> WORK TO BE COMPLETED:
Below are records with pictures in them. Output exactly the lines from the one with "- # 192938 Hey" through the one with "打开chromedriver 下载地址,找到与自己浏览器匹配的版本", both included, and leave every picture out; give only those lines.

> SOURCE MATERIAL:

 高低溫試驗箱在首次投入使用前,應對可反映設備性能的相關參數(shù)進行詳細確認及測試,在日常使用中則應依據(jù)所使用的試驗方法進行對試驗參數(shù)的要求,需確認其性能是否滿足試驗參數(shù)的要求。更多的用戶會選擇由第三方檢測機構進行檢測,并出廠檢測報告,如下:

---

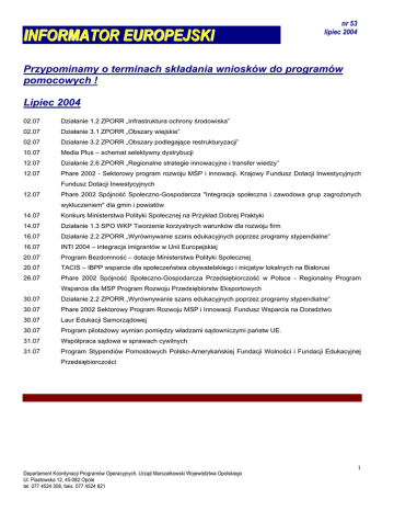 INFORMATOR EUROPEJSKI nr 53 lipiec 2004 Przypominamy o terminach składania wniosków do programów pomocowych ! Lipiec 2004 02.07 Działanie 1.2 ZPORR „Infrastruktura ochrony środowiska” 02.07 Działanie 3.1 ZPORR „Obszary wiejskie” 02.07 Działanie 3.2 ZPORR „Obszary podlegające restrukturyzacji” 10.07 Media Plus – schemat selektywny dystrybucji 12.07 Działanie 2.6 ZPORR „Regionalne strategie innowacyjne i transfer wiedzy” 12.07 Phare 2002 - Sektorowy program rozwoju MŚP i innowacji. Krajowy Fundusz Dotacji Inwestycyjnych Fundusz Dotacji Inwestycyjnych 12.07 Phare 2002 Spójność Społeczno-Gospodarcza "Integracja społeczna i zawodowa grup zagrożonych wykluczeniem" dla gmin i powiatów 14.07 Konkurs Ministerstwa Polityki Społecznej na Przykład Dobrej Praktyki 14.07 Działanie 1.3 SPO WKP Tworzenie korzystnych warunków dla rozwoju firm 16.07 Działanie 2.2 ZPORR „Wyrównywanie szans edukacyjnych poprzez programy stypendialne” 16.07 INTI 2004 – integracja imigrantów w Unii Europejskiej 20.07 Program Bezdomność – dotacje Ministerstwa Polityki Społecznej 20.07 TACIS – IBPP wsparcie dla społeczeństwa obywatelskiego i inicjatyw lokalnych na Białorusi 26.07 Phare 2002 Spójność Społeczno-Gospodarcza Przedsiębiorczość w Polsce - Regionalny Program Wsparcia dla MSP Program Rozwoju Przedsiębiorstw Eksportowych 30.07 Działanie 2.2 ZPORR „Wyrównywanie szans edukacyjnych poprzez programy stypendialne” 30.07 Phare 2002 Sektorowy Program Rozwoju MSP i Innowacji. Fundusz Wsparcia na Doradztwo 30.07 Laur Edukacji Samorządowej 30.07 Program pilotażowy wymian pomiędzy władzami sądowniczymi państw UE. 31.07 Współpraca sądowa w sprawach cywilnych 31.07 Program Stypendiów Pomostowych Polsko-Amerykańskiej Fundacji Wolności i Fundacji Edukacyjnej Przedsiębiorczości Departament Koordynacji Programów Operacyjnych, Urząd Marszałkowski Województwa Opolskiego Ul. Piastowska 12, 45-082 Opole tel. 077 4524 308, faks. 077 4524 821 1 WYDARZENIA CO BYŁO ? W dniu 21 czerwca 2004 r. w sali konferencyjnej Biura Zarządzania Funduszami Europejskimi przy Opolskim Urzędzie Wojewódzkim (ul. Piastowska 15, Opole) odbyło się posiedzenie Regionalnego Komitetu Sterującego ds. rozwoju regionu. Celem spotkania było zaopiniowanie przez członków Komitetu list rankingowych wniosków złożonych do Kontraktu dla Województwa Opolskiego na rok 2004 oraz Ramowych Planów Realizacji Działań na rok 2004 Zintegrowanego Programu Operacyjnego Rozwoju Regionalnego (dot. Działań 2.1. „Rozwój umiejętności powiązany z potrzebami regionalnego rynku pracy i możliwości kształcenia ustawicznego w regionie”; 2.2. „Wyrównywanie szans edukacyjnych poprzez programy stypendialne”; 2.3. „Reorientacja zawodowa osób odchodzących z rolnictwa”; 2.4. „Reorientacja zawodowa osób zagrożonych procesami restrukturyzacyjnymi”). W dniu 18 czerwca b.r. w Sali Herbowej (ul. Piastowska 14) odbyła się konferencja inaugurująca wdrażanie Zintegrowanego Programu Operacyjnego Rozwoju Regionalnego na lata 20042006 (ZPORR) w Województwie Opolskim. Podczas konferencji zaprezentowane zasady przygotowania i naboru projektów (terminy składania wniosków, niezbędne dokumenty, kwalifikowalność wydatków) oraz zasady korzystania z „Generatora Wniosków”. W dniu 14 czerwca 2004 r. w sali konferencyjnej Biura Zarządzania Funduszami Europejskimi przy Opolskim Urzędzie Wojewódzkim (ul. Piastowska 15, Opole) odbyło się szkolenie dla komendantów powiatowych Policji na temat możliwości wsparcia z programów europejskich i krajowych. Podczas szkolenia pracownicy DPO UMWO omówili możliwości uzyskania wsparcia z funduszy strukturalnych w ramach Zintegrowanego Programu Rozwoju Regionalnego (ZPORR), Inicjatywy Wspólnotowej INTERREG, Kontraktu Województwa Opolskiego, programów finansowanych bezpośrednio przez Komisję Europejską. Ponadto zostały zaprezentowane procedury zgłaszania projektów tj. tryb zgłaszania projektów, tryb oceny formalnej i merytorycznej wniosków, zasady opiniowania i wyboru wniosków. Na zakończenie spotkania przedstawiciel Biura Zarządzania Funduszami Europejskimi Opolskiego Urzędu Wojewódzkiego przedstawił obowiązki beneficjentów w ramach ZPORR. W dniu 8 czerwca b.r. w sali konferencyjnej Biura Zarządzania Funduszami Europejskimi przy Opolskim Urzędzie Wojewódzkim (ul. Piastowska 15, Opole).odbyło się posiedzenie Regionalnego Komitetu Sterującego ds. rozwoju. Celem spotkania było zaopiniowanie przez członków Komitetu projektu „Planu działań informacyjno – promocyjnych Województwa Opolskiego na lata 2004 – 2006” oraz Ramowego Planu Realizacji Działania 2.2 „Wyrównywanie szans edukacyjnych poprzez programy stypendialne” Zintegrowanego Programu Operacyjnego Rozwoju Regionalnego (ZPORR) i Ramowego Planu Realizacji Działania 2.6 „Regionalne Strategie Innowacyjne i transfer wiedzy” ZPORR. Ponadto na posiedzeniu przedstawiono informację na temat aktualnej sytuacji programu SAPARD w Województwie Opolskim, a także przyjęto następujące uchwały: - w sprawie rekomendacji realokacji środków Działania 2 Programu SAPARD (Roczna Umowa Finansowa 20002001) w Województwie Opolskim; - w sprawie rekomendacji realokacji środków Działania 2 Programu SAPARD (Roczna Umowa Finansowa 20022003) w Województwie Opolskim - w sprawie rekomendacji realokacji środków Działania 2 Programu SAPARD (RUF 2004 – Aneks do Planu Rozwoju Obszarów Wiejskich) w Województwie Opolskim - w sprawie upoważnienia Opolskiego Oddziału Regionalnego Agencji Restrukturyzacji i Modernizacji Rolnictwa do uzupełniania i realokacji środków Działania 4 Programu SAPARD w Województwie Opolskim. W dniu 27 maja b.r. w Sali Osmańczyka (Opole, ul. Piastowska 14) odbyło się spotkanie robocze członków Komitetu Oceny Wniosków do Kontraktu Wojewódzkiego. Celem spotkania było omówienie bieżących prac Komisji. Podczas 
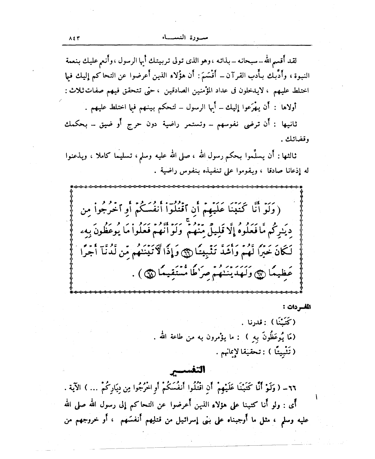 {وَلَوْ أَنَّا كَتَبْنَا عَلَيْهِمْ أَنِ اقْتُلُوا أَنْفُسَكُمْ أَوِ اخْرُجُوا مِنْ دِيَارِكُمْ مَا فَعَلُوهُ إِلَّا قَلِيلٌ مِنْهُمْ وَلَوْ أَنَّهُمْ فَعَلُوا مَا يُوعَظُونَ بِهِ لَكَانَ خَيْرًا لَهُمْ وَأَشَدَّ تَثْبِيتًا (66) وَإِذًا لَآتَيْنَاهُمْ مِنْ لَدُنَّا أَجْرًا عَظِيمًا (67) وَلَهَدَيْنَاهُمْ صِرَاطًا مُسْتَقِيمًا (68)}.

--

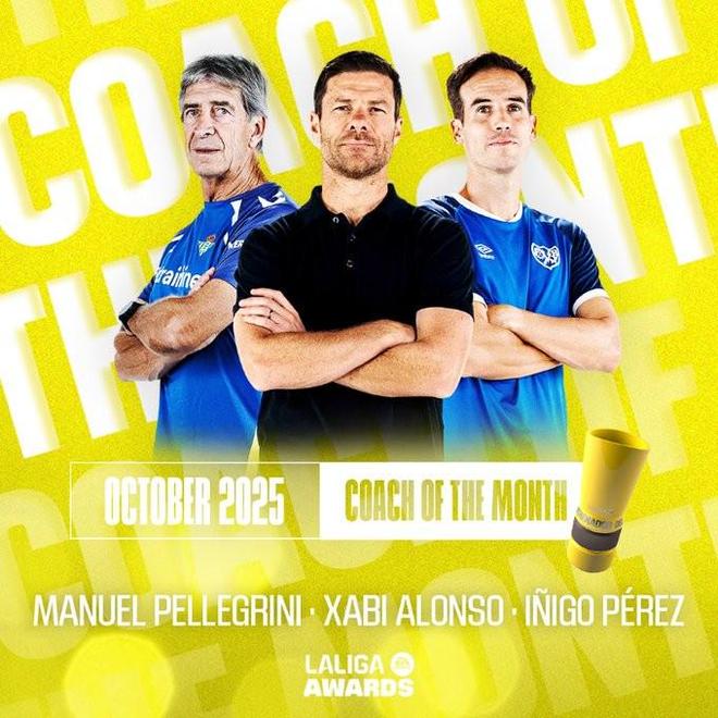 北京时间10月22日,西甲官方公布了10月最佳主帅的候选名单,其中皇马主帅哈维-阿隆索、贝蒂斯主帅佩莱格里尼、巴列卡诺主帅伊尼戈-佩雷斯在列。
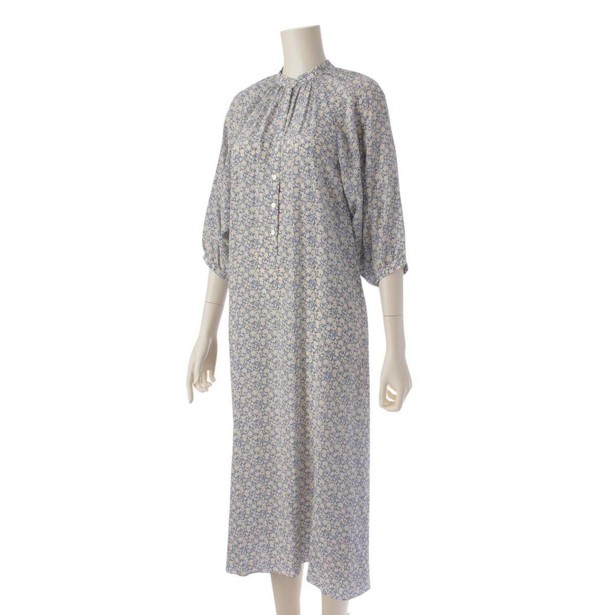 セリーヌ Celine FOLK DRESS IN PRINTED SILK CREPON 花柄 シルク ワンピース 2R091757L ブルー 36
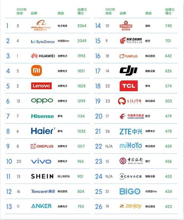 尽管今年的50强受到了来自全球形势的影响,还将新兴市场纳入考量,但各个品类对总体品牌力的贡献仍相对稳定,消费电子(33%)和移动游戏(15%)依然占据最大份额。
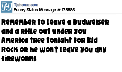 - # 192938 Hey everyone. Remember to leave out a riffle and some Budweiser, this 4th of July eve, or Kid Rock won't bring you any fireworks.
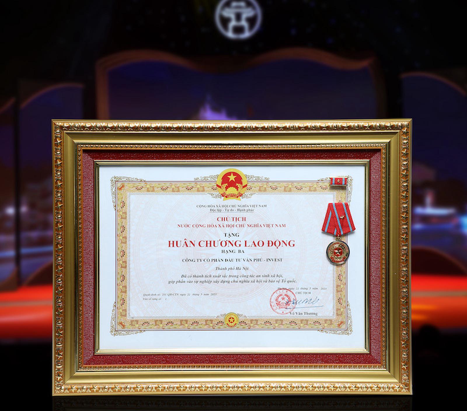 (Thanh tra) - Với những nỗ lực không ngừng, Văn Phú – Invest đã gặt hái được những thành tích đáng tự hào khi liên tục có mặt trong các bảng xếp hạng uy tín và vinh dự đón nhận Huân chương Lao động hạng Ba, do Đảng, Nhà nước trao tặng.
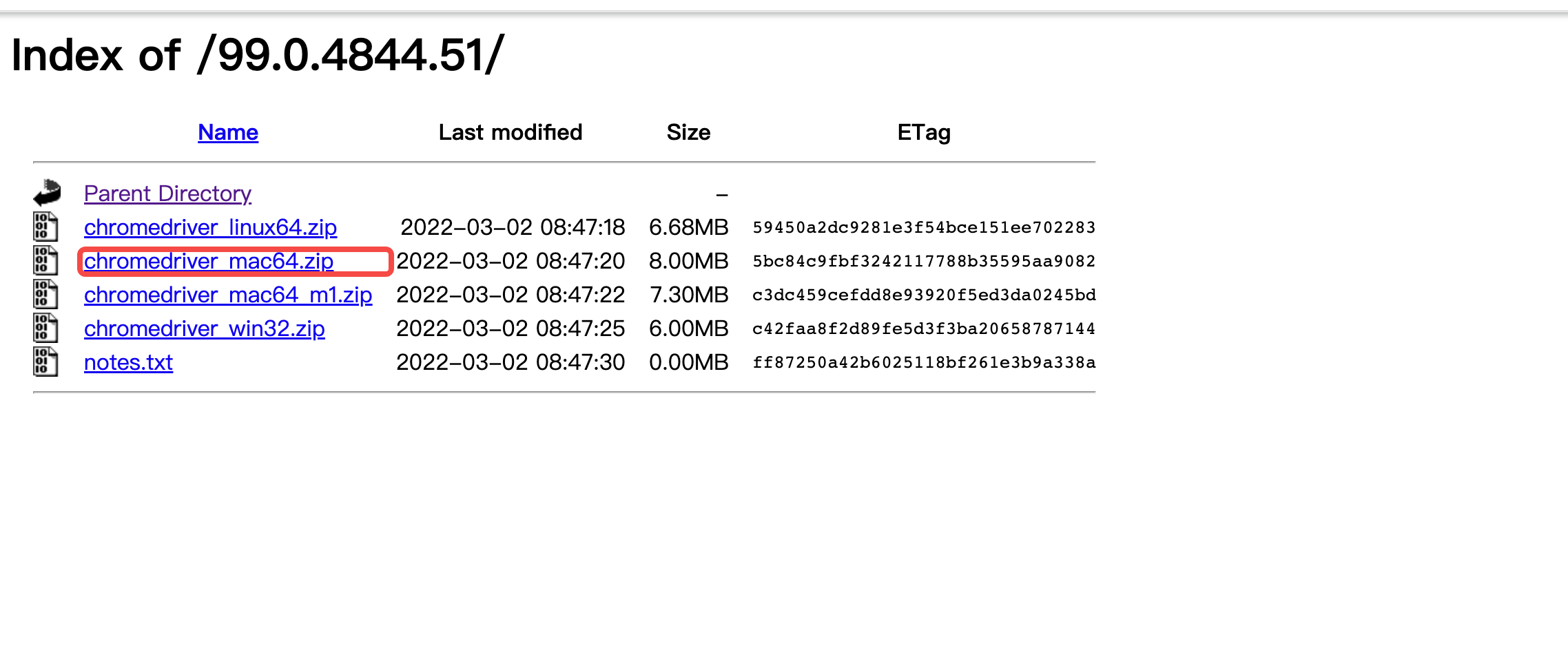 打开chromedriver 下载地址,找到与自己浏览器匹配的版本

> EXPECTED ANSWER:
 - # 192938 Hey everyone. Remember to leave out a riffle and some Budweiser, this 4th of July eve, or Kid Rock won't bring you any fireworks.
 (Thanh tra) - Với những nỗ lực không ngừng, Văn Phú – Invest đã gặt hái được những thành tích đáng tự hào khi liên tục có mặt trong các bảng xếp hạng uy tín và vinh dự đón nhận Huân chương Lao động hạng Ba, do Đảng, Nhà nước trao tặng.
 打开chromedriver 下载地址,找到与自己浏览器匹配的版本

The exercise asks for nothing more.